I think it has a lot to do with the whole overcoming "cognitive dissonance" thing. Or "the fog" of infidelity.

Even months later when we met for an appointment with a mediator we had to fill out the forms together and she didn't know what to write in the application form for: "Reason for separation". She asked me what she should write and I said "adultery on her part" she just looked at me and said "but it's not really adultery". I scoffed and tried to explain to her it was the textbook definition, but she just couldn't wrap her mind around the fact she was in the wrong.

I don't even know when exactly the EA and PA started... simply guessing from her looks and what I found out, she was atleast texting emailing one guy and I believe making out with him at a bar (from her own admission during a trickle truth session) before. She also had a booty call planned, and I suspect that she didn't actually get penetrated vaginally (where she, in her fog, drew the line of what to consider cheating) until after she uttered the divorce word.

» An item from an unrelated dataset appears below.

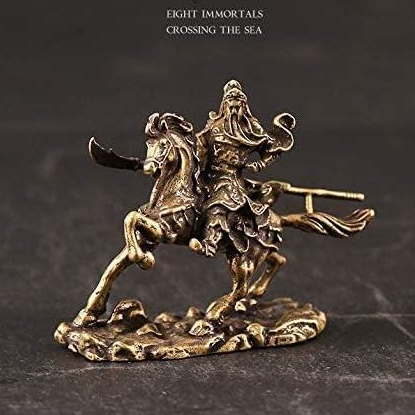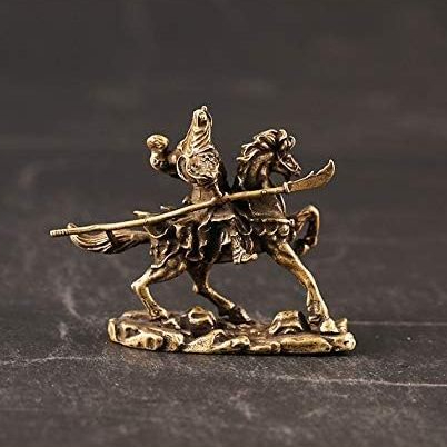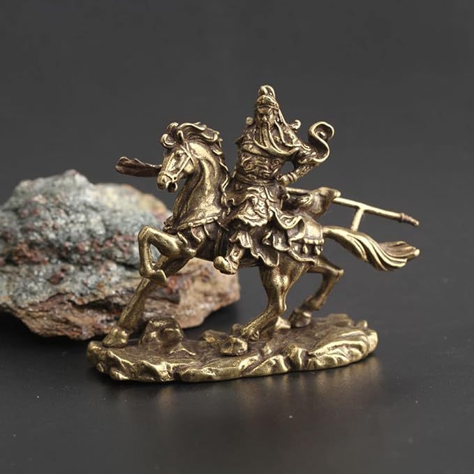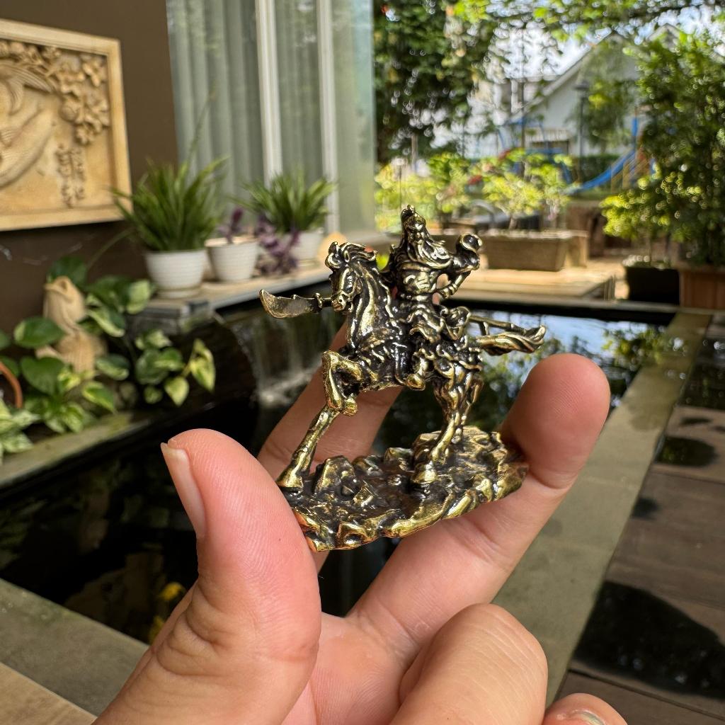 Figure Dewa Perang Guan Gong / Kwan Kong Berkuda / Miniatur Patung Dewa Perang & Kuda Tembaga Dekorasi Meja Kerja Kantor

None of that really matters, fact is she cheated. And had no remorse. So only choice was to end marriage, and I'm glad I got around to filing and getting it done.


----------



## Cosmos (May 4, 2012)

Lon said:


> She also had a booty call planned, and I suspect that she didn't actually get penetrated vaginally (where she, in her fog, drew the line of what to consider cheating) until after she uttered the divorce word.
> .


And if that "booty call" involved sexual contact (be it touching or oral sex), even if there was no penetration, it was still cheating. I'm glad you decided to divorce her.


----------



## Pit-of-my-stomach (Nov 2, 2010)

If your trying to make some sense of her actions, or judging what reality is based on anything she says your wasting your time. Your just going to drive yourself crazy.


----------



## chiksam (May 4, 2012)

Thank you all for your advice. It seems pretty unanimous and I can't believe I don't see it as clearly as you guys all do. She has finally been moved out for two days now. We met today for me to collect my son from her for the week. She said to me that some of the reasons for this are that she was not sexually satisfied. She said she didn't always like the way I dressed...that could be changed. But sexually she does not see us making changes??!! 

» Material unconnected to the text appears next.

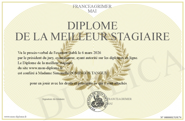 Envoyez par email votre Diplôme de la meilleur stagiaire personalisé

She always had trouble communicating her feelings...but to turn your back on your husband without even talking about the issue is cruel. It's essentially saying "I'm not happy sexually...not thought to mention it...not gonna talk about it...not gonna do what mature married adults might do here...just gonna go get it elsewhere and destroy my family." I don't get her. I wrote her a horrible text on my way back home...couldn't help it...I said.. "I hope you have a good evening. Hope you will be sexually satisfied by someone who dresses according to your tastes. Maybe that will fulfil you." I felt bad and she was obviously feckin pissed when she called to say goodnight to our son. I know that will have badly offended her...and she knows I always felt terrible about offending her. Now I feel I should apologize on some level...but on another I feel f£&k it! Why shouldn't she get a dose of my anger? IDK , maybe I'm scared on some level that if I offend her she will never ever entertain R. But maybe it's time to think "screw what my actions do to her."????
_Posted via Mobile Device_


----------



## Thorburn (Nov 23, 2011)

Pit-of-my-stomach said:


> If your trying to make some sense of her actions, or judging what reality is based on anything she says your wasting your time. Your just going to drive yourself crazy.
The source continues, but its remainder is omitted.